Data are expressed as mean ± standard deviation or numbers (percentages). *P<0.05, compared with the sB group; #P<0.05, compared with the sM group. sB group, surgical bioprosthetic valve group; sM group, surgical mechanical valve group; T, transcatheter valve group. 2D, two-dimensional; AAO, diameter of the ascending aorta; BSA, body surface area; DLVOT, left ventricular outflow tract diameter; E velocity, early tricuspid diastolic velocity; EOATV, effective orifice area of the tricuspid valve; IEOATV, indexed effective orifice area of the tricuspid valve; IVS, interventricular septal thickness; LAESD, left atrial end-systolic diameter; LVEDD, left ventricular end-diastolic diameter; MGTV, mean gradient of the tricuspid valve; PA, diameter of the pulmonary artery; PHTTV, pressure half-time of the tricuspid valve; LVEF, left ventricular ejection fraction; RAESD, right atrial end-systolic diameter; RVEDD, right ventricular end-diastolic diameter; RVFAC, right ventricular fractional area change; SV, stroke volume; VLVOT, velocity of the left ventricular outflow tract; VPA, velocity of the pulmonary artery; VTILVOT, velocity-time integral of the left ventricular outflow tract; VTITV, velocity-time integral of the tricuspid valve; VTI ratio, the ratio of VTITV to velocity-time integral of the left ventricular outflow tract.

The etiology of TVR is summarized in Table S1. The primary etiology included Ebstein malformation, TV prolapse, TV repair, and prosthetic TV dysfunction. The secondary etiology included rheumatic heart disease, infective endocarditis, left heart valve replacement, atrial septal defect, ventricular septal defect, pacemaker installation, atrial fibrillation, and postoperative congenital heart disease; a few patients with TVR had an unclear etiology. Among the patients, 49 (11 with surgical bioprosthetic valves, 18 with surgical mechanical valves, and 20 with transcatheter valves, accounting for 35.3%) had accompanying TV regurgitation after left heart valve replacement, which was the most common cause of TVR, followed by Ebstein malformation in 18 cases (11 with surgical bioprosthetic valves and 7 with surgical mechanical valves, accounting for 12.9%) and rheumatic heart disease in 15 cases (8 with surgical bioprosthetic valves, 6 with surgical mechanical valves, and 1 with a transcatheter valve, accounting for 10.8%).
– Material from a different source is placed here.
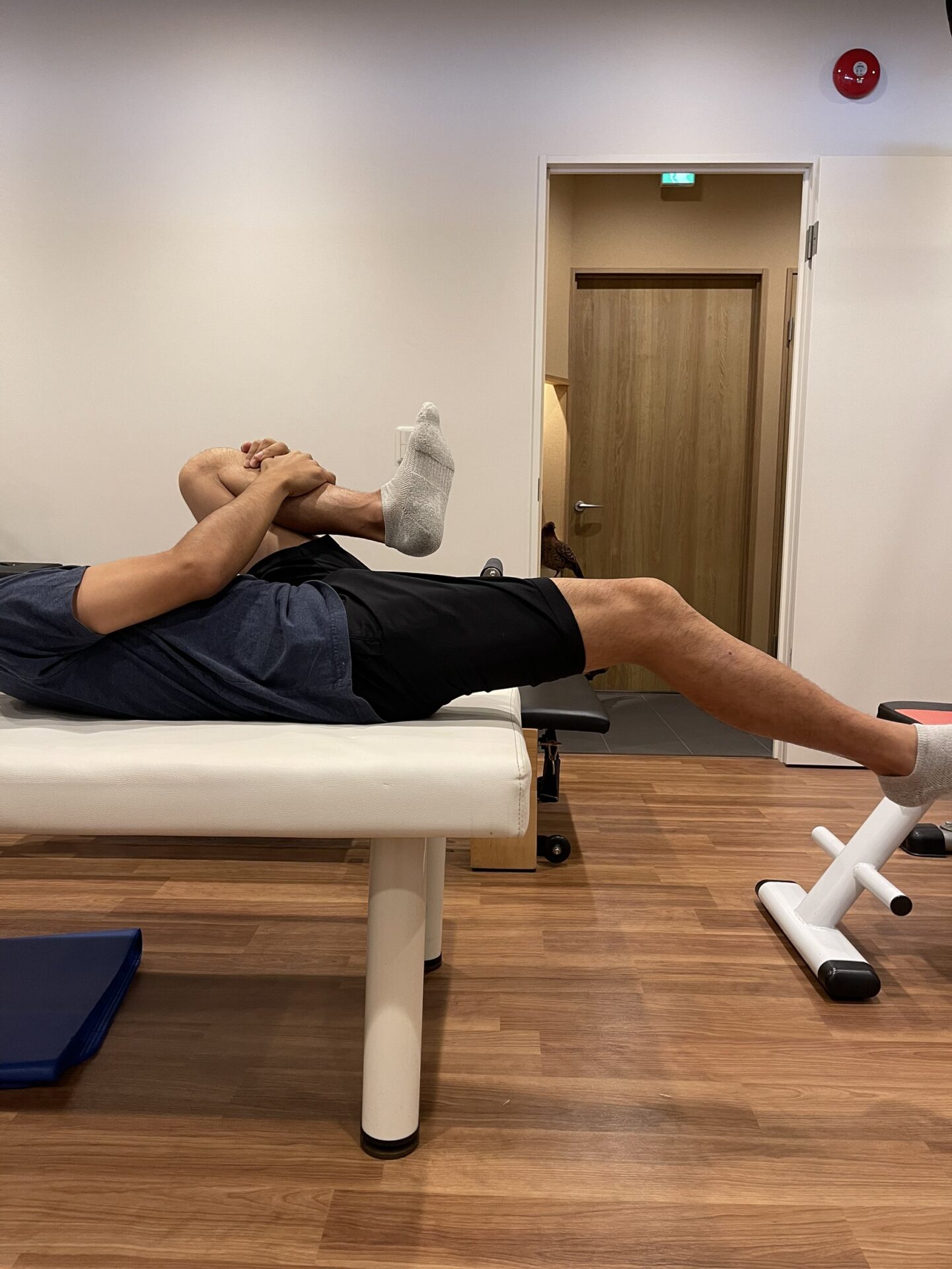 - 片膝を胸に抱える。反対の脚は力を抜いて垂らす。

According to the statistical summary of TVR combined with other valve operations, simple TVR was the most common procedure, occurring in 60 patients (36 with surgical bioprosthetic valves, 19 with surgical mechanical valves, and with 5 transcatheter valves, accounting for 43.2%), followed by TVR combined with mitral valve replacement and TVR combined with aortic valve replacement. Combined valve procedures may not be performed simultaneously with TVR. Table S2 summarizes the final status of the concomitant valve procedures for all patients. All bioprosthetic valves used in our hospital were from Medtronic (Galway, Ireland), mechanical valves were from Abbott Laboratories (Chicago, IL, USA), and all transcatheter valves were Lux-Valves from Jenscare Scientific Co (Ningbo, China).

Comparison of the 2D parameters of TTE

The 2D parameters of each group were analyzed and compared (Table 1). The ascending aortic diameter of the T group (3.40±0.42 cm) was significantly different from that of the sB group (3.03±0.58 cm) and the SM group (3.11±0.50 cm) (P<0.05). The left atrial end-systolic diameter of the T group (5.45±1.07 cm) and sM group (4.75±1.18 cm) was significantly different from that of the sB group (4.32±2.05 cm) (P<0.001). The interventricular septal thickness of the T group was significantly greater than that the sB group (P<0.05). The PA of the sB group was significantly different from that of the T group and the sM group (P<0.05). The other 2D parameters, including left ventricular end-diastolic diameter, DLVOT, left ventricular ejection fraction, right atrial end-systolic diameter, RV end-diastolic diameter, and RV fractional area change, were not significantly different between the three groups (P>0.05).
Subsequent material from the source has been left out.